Wool yarn production presented substantially higher values than fabric production, and this could be related to the size of fibers considered by the authors. Although the size of the fibers used is not mentioned in Parisi et al. [78] (for fabric production), Bianco et al. [109] state that shorter fibers generally present lower potential impacts than longer fibers for yarn production. Cotton had lower average values for fabric production than yarn. This could be related to studies considering different approaches to system boundaries, where they may include or not transportation and packaging, consider different manufacturing techniques, and use data with distinct origins to build the inventory for the assessment.

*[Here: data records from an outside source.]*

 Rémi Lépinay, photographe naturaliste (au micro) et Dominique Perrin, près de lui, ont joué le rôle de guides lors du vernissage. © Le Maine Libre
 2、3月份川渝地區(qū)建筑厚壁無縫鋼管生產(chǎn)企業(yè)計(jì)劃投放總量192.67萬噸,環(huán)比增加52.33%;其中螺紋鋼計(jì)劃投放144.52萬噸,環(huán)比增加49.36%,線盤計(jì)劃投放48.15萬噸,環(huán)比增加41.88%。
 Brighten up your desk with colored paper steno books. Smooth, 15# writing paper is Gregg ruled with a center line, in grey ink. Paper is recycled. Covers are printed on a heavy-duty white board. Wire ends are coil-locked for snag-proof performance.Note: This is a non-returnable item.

For the final product production, data was only available for cotton and polyester, which had values of 29.53 and 19.62 kg CO2 eq, respectively (Figure 12). Considering the differences between maximum and minimum values, the most prevalent variations are for the cotton final product, where the maximum is 58.82 kg CO2 eq, data retrieved from Periyasamy et al. [79]), for the production of 1 kg of stonewash jeans, and the minimum is 11.51 kg CO2 eq, data retrieved from Muthukumarana et al. [77]), for the production of a short-sleeve blouse (Figure 12). Both of these studies take into account raw material acquisition, fabric manufacturing, cutting, sewing, finishing, and transportation. Since the equipment used, raw materials, and manufacturing method of the clothes might differ, the generalizability and applicability of the results for another product with considerable variances may be limited. Furthermore, Muthukumarana et al. [77] stated that assumptions were used in the life cycle evaluation when data was unavailable due to the geographical limit of the study being Sri Lanka and a lack of country-specific data.

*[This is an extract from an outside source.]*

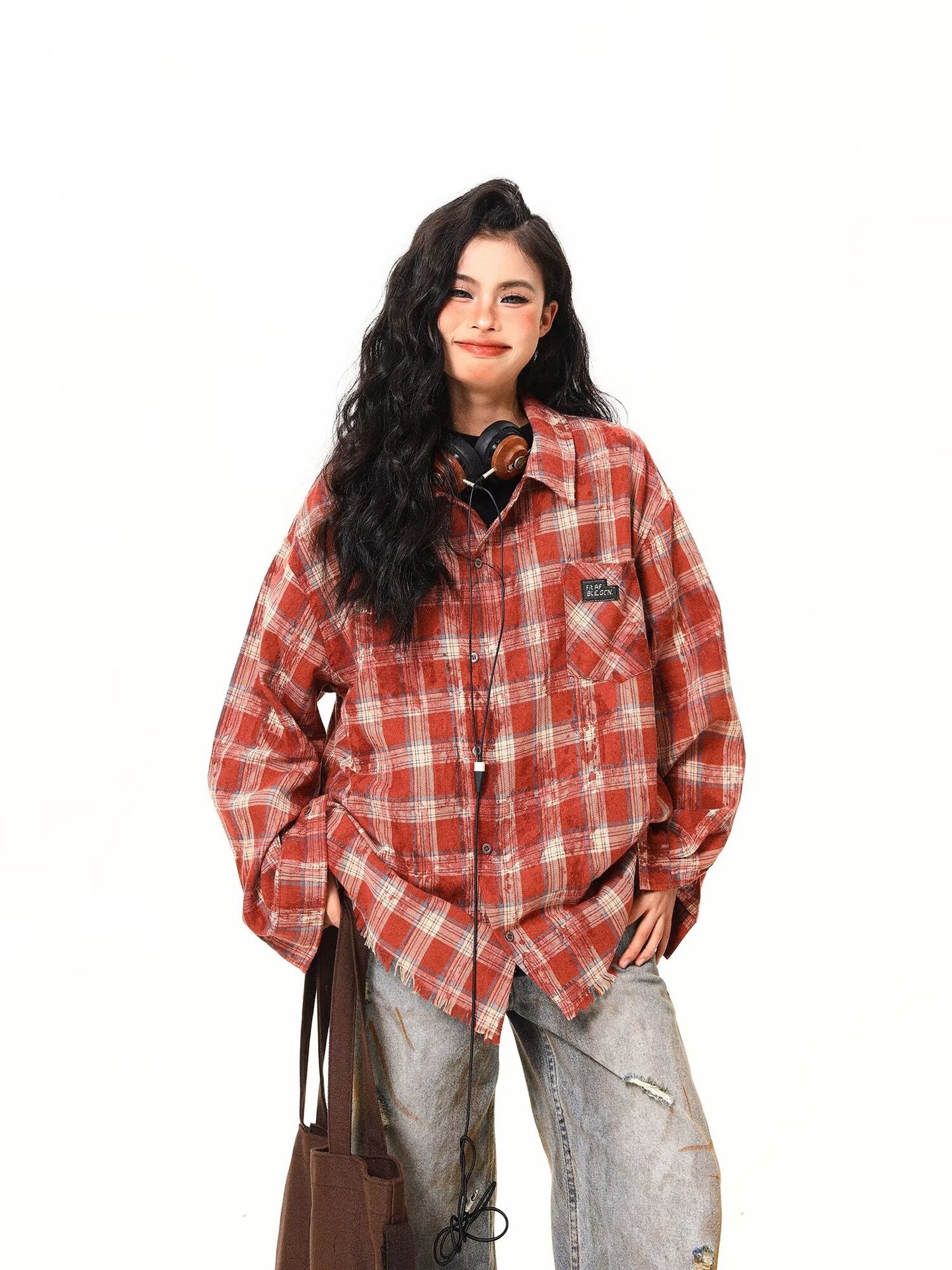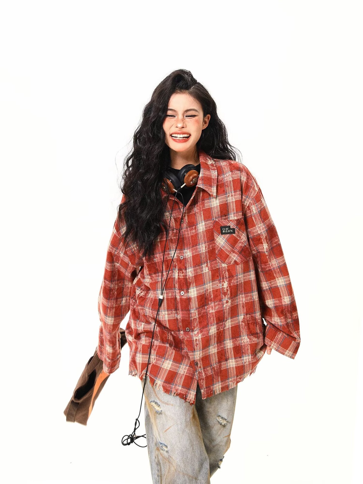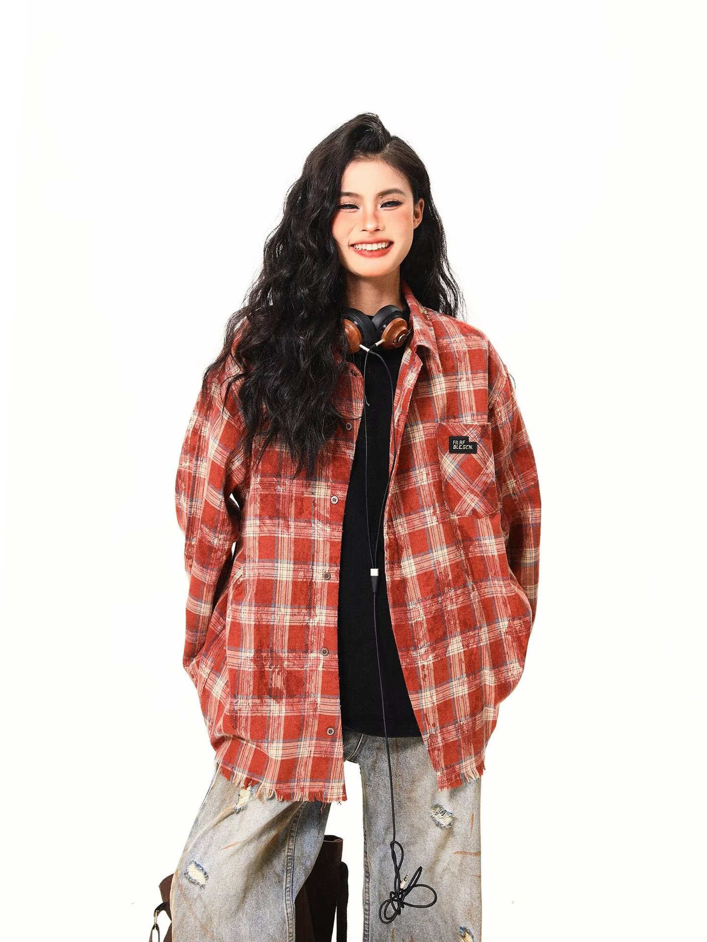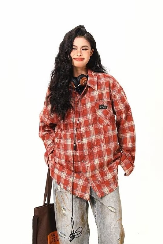아메리칸 스타일 스트리트 체크 타이 다이 셔츠 재킷 남자 봄 새로운 느슨한 술 러프 체크 무늬 셔츠 트렌디스토어 가기

When adopting a cradle-to-grave approach, polyester showed the highest potential impact with an average of 40.28 kg CO2 eq (data was limited for most materials, except for polyester, cotton, and wool, considering the production of 1 kg of product). The maximum value (114.23 kg CO2 eq) for polyester corresponds to Moazzem et al. [73]), which consider the production of 1 kg of apparel and use for a one-year period, being reused at the end of life. The minimum value is 0.16 kg CO2 eq, from Horn et al. [62], which only considers a single use of a polyester T-shirt. Both cotton and wool are natural fibers, and their CC/GWP average values were similar, at 31 and 30.94 kg CO2 eq (Figure 13). In the case of wool, there was a significant difference between the maximum and minimum values of 91.72 and 0.53 kg CO2 eq, respectively. The first value corresponds to Bech et al. [50], which considers the use of a wool t-shirt for a six-month period with a closed loop recycling end-of-life and considers 36 washes, while the second, from Wiedemann et al. [97]), considers 14 washes of a virgin wool sweater with reuse at the end of life.
In the individual analysis of life cycle phases, only studies that provided comprehensive data on all life cycle phases were considered. For instance, if a study with polyester as a raw material only included fiber production, the values were included in this analysis, and so on.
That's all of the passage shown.